Sweet carrots and red onion, slightly bitter brussels sprouts, mellow squash, and tart vinegar—the combination delivers a new burst of flavor in every bite.

WORK TIME: 25 minutes / TOTAL TIME: 55 minutes
SERVINGS: 4

1 lb piece winter squash, such as butternut or acorn, peeled and cut into 1" cubes (2 c)
½ lb brussels sprouts (about 12), quartered
3 lg carrots, peeled and cut into ¼" diagonal slices
1 red onion, chopped
3 Tbsp olive oil, divided
1 tsp salt, divided
2 Tbsp chopped fresh parsley
1½ Tbsp white wine vinegar
¼ tsp freshly ground black pepper

1. PREHEAT oven to 450°F.
2. TOSS squash, brussels sprouts, carrots, and onion with 2 tablespoons of the oil and ½ teaspoon of the salt in large bowl. Spread vegetables in single layer on baking sheet (use two if necessary) and roast until browned and tender, about 30 minutes. Stir once or twice during cooking.
3. RETURN vegetables to bowl and toss with parsley, vinegar, pepper, and remaining 1 tablespoon oil and ½ teaspoon salt.
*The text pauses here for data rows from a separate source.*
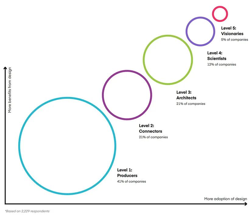 At the higher levels of design maturity, design is no longer about how many ads or videos the creative team is pumping out. It’s about how the company uses design to solve issues that traditionally aren’t thought of as design problems; upholding and emphasizing human-centricity at their core.
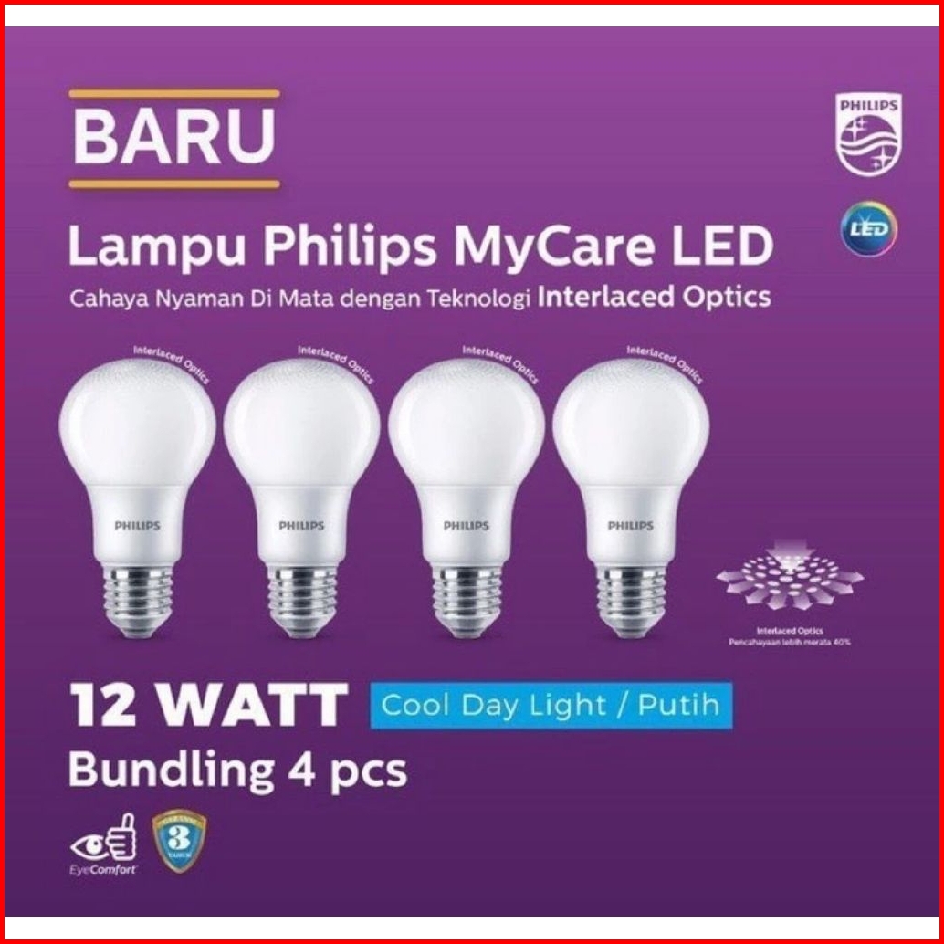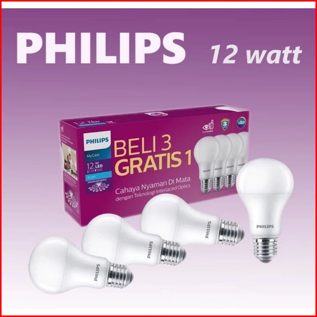 Isi 4 Pcs Lampu Led Philips 12 Watt Putih Terang 6500k Multipck My Care Beli 3 Gratis 1
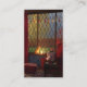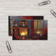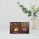 Ett mysigt läshörn på en regnig höstdag. Runt vid himlen med en blazande eld är rödpansarstolar med staplar av bokar och tårar och en tekanna för att fullborda komforten. Utanför en gult döljs den blåsande regnet, som sprinklerar det fönster där en ingerkatt tittar ut.
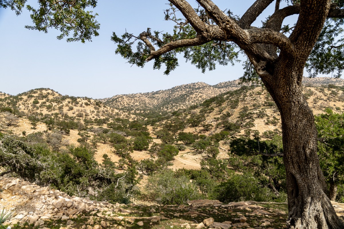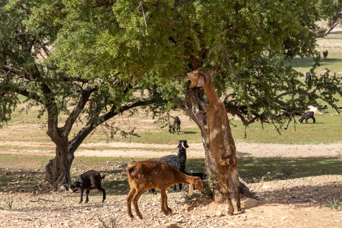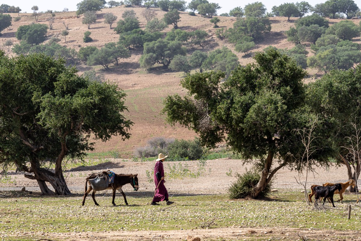 La route du bord de mer (RP2201) traverse les collines plantées d’arganiers. Les chèvres s’y régalent des baies et le berger se prête au jeu des photos.
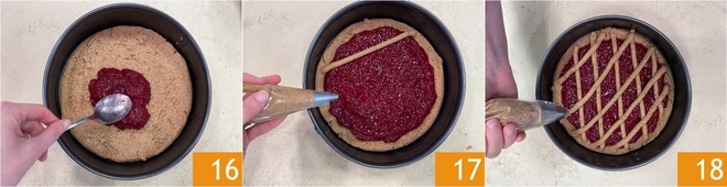 Jetzt füllt ihr den Boden mit der Konfitüre und lasst dabei rundum 1,5 cm Platz bis zum Rand 16. Stellt den restlichen Teig beiseite, er wird für den Rand gebraucht. Füllt den beiseitegelegten Teig (ein Viertel) in einen zweiten Spritzbeutel mit 1‑cm-Tülle und setzt die dekorativen Rauten zuerst in eine Richtung 17 und dann in die andere 18.
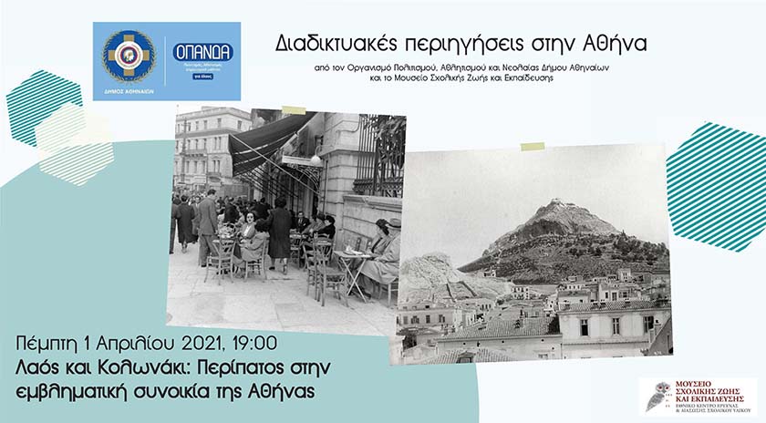 Ο Οργανισμός Πολιτισμού, Αθλητισμού και Νεολαίας του Δήμου Αθηναίων (ΟΠΑΝΔΑ) και το Μουσείο Σχολικής Ζωής και Εκπαίδευσης συνεχίζουν τις θεματικές διαδικτυακές περιηγήσεις στην Αθήνα, την Πέμπτη 1 Απριλίου στις 19:00 με θέμα "Λαός και Κολωνάκι: Περίπατος στην εμβληματική συνοικία της Αθήνας" μέσα από τη σελίδα του ΟΠΑΝΔΑ στο facebook, www.facebook.com/Opanda.gr
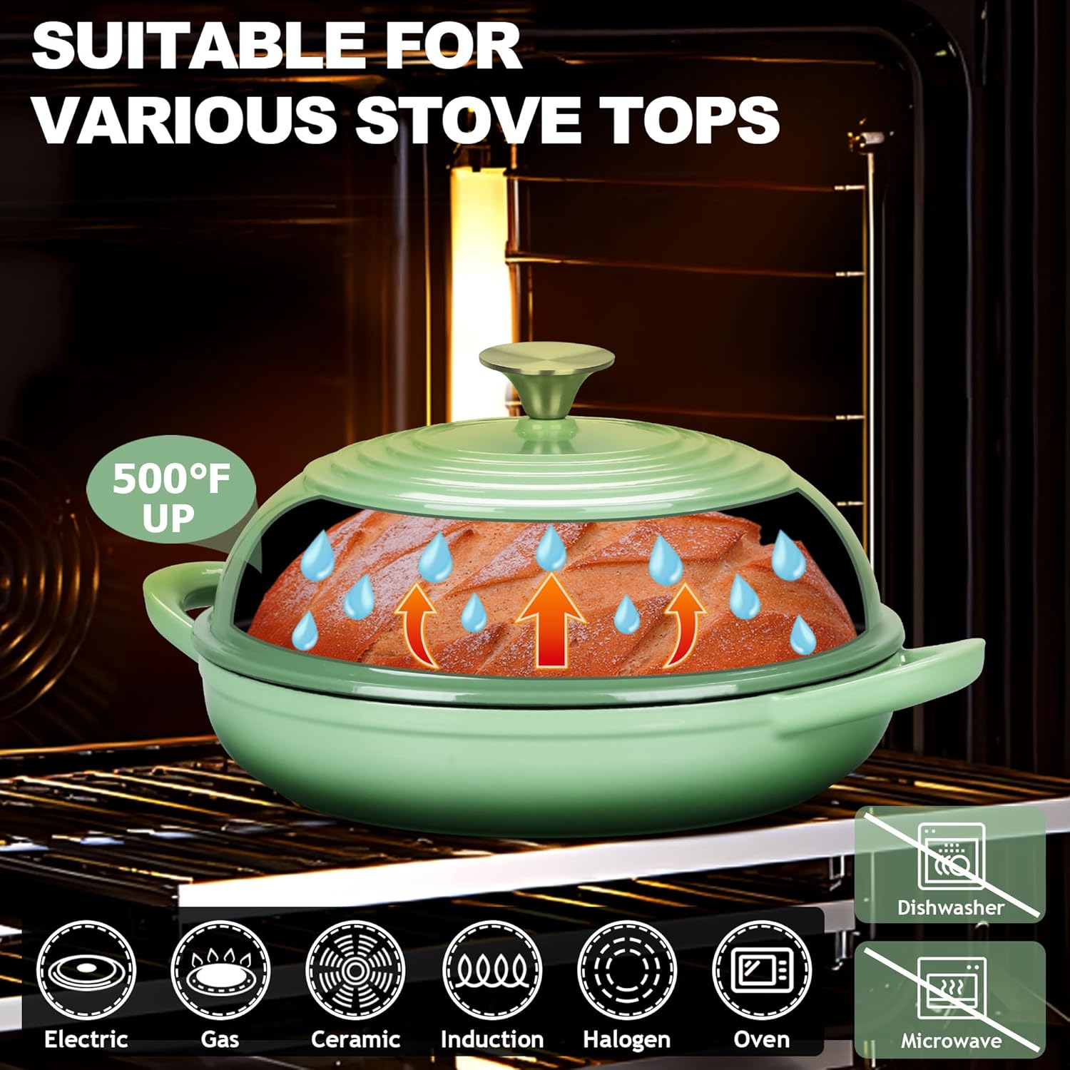 • OPTIMAL HEAT RETENTION & FITS IN VARIOUS STOVES: Thick cast iron core of this dutch oven for bread baking heat evenly the food, Achieves superior cooking results, Provides excellent insulation for keeping food warmer longer, Let you enjoy the delicious meals, Fits for various heat sources: Gas, Induction, Ceramic, Halogen, Electric Stoves and Oven Safe Up to 500°F

NUTRITION  (per serving) 171 cal, 3 g pro, 18 g carb, 6 g fiber, 11 g fat, 1.5 g sat fat, 0 mg chol, 617 mg sodium

SEASONAL VARIATIONS
Spring: Quartered new potatoes and baby beets (segregated at one end of the pan so they don't bleed on the potatoes) and whole asparagus spears.
Summer: Sliced red bell pepper and zucchini and cubed eggplant.
Autumn: Halved mushrooms, sliced sweet potatoes or parsnips, and cauliflower florets.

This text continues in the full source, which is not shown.